Site using "reference only" stickers and stamps on WI and tools.

jam325

Starting to get Involved
Hello all,
I am in process of performing an internal audit for a site. The site is using "reference only" stamps and stickers on tools, work instructions, and procedures to try to get around the need for calibrated equipment and make old documents in the work area not a finding.
Has anyone run into this or used this method? The claim is this is something the operations manager picked up from aerospace.

Thanks,
John
 

qusys

Trusted Information Resource
Hello all,
I am in process of performing an internal audit for a site. The site is using "reference only" stamps and stickers on tools, work instructions, and procedures to try to get around the need for calibrated equipment and make old documents in the work area not a finding.
Has anyone run into this or used this method? The claim is this is something the operations manager picked up from aerospace.

Thanks,
John
It depends on the traceability of the measurement, if it considered a requirement from the organization about the validity of the measurement. See clause ISO 9001-7.1.5.2 . For example, if the value measured is ok only for pass - no pass, for reference only could works, but not to release process or product. Besides, consider also the implication of safety.
 
We still use those stickers, but not on all equipment, most employee stuff is marked that way, but on the floor there are several calibrated measuring tools to use as "final quality checks". Most assembly is checked by function anyway, either it fits or it is wrong, the reference gauges are there to determine which parts to use, use the 2" collar or the 1.5" collar? Grab a caliper and check it against the print, the wrong part is "self checking" as it will not fit. All final inspection is done with calibrated tools though.
 

Ed Panek

QA RA Small Med Dev Company
Leader
Super Moderator
You could look at the complaint log to see if its impacted their customers first and go from there.
 

John C. Abnet

Teacher, sensei, kennari
Leader
Super Moderator
Good day @jam325;
Consistent with what @Miner said...

I often counseled my previous teams (and current clients) using an easy to remember phrase I coined...

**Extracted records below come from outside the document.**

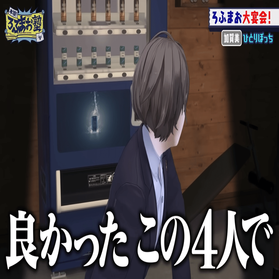 ベロベロに酔っぱらった甲斐田がずっと「ろふまおは最高だあ!!」「社長に一生ついていくよ」みたいなこと言ってるのも泣けるし、社長が想像以上に「ろふまおのリーダー」として熱い信念を持ってるのも泣けるし、甲斐田に「このカス!!」呼ばわりされて結構嬉しそうにしてる剣持にも泣けるし、ふわっちは潰れて床で寝てる。これこそ「ろふまお」なんですよ。
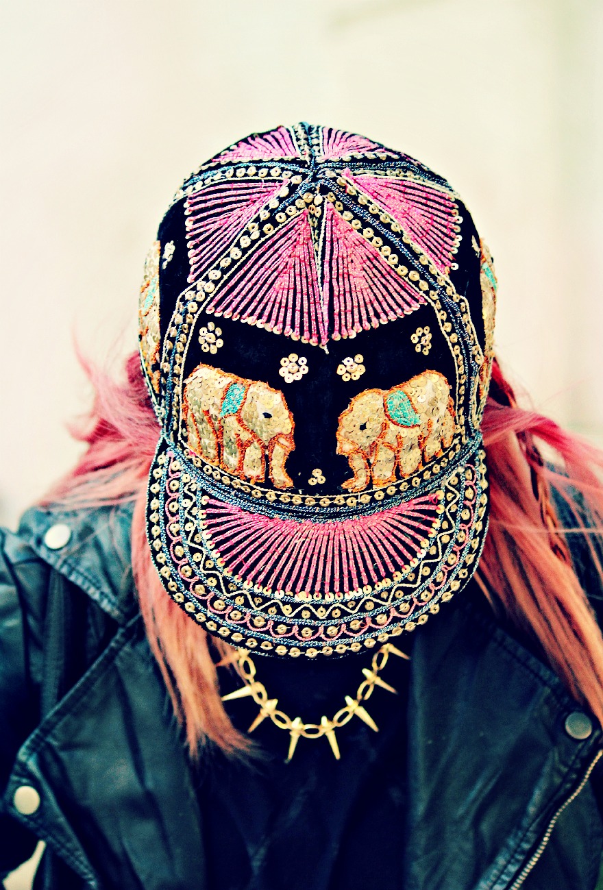 An outfit I wore to walk around downtown with my friend, pretty simple and nice. All black! Gold touches! And a rad, amazing hat to spice it all up!!! My friend’s grandma actually got it on a trip to India, she didn’t know what to do with it so she gifted it to me. I really love it since I’m enjoying the color combination of aqua and pink, plus I’ve always loved gold vs. silver.
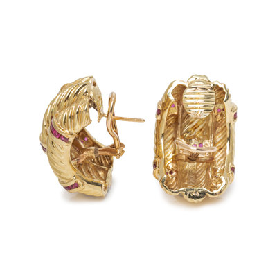 DAVID YURMAN, YELLOW GOLD AND RUBY EARCLIPS
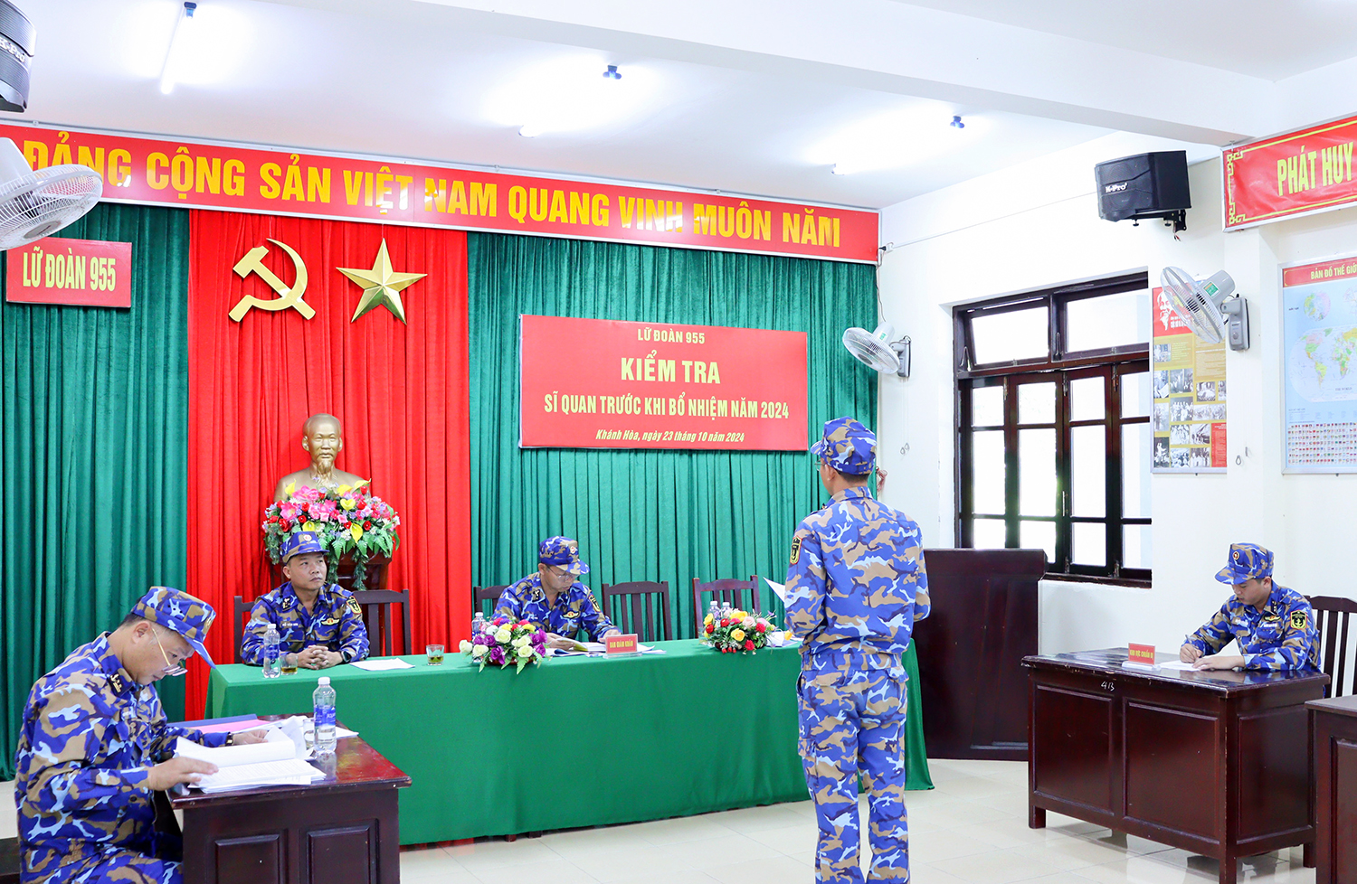 Từ ngày 23 đến 30/10, tại TP. Cam Ranh, tỉnh Khánh Hòa, Lữ đoàn 955, Vùng 4 Hải quân tổ chức đợt kiểm tra sĩ quan trước khi đề nghị bổ nhiệm năm 2024. Đây là những sĩ quan đang đảm nhiệm các chức danh từ trưởng ngành đến thuyền trưởng trên các tàu thuộc Lữ đoàn.
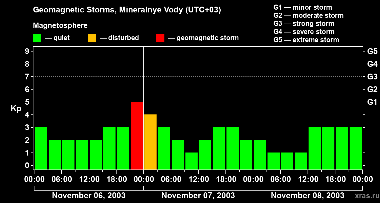 Geomagnetic storms in Mineralnye Vody on Nov 08, 2003
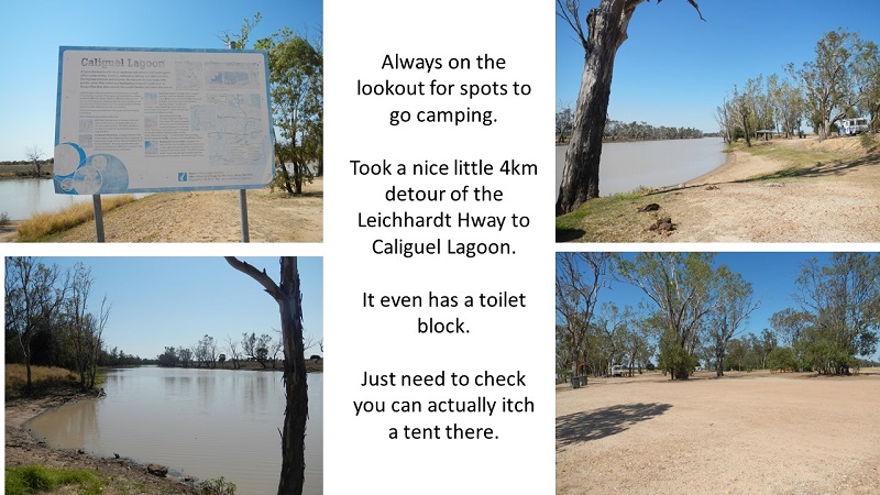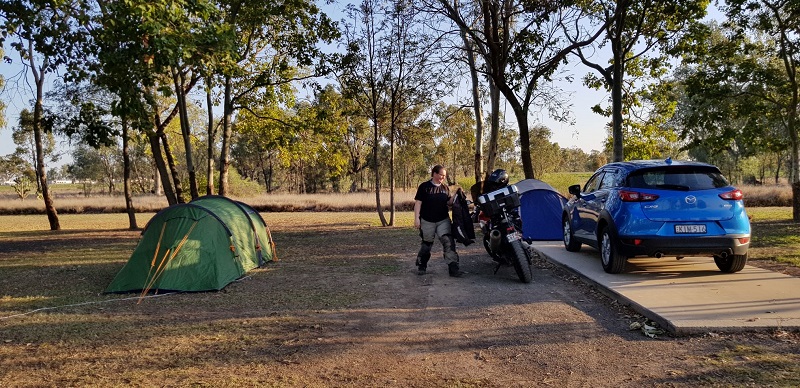 Almost to Goondiwindi now and looking forward to setting up and having a feed, not before stopping for wine and cheese. Arrive at Goondiwindi Holiday Park ~5pm, 3 hours earlier than I had advised Malcolm. He was surprised and disappointed that I wasn’t on the bike (as I had originally said when I made the booking). Gave me the key and pointed me in the right direction for our campsite. Nestled into the back of the park close enough to a camp kitchen and one of the amenities blocks. Set up camp Kimmie and when I emerged from the tent after making my bed, darkness had completely fallen. I thought about setting up Felicity’s tent but not having done it before thought it probably best just to assist her when she arrives.

"If it's WRONG or GONE (can it lead to a nonconformance...i.e. unintended outcome).

I would be curious to understand the explanation as to WHY the team feels like "reference only" is an acceptable approach.

If the answer is 'yes' then the burden is on the auditee to convince that 'reference only' (i.e. GONE) is a good approach. (HINT- it is not a good approach IF the items in question are necessary to achieve the intended outcome).


Hope this helps.
Be well.
 

jam325

Starting to get Involved
Thanks all for the replies.

I certainly see the benefit of having some intermediate steps or measurements that may not be done with calibrated tools. As long as that check or part is verified to a tracible measurement later on before it is shipped. Perhaps it is cheaper to buy calipers that are not able to be calibrated, for example.

@John C. Abnet I am not sure what the reasoning is. My understanding is that they feel it gives them freedom to not have to have gages or WI updated and some "plausible deniability" if the gage or WI is not up to date. The point I am trying to get across to them is that if the tool or WI is used to produce product, and if the product is important enough to be produced correctly. Then it should be important enough to have accurate equipment and WI.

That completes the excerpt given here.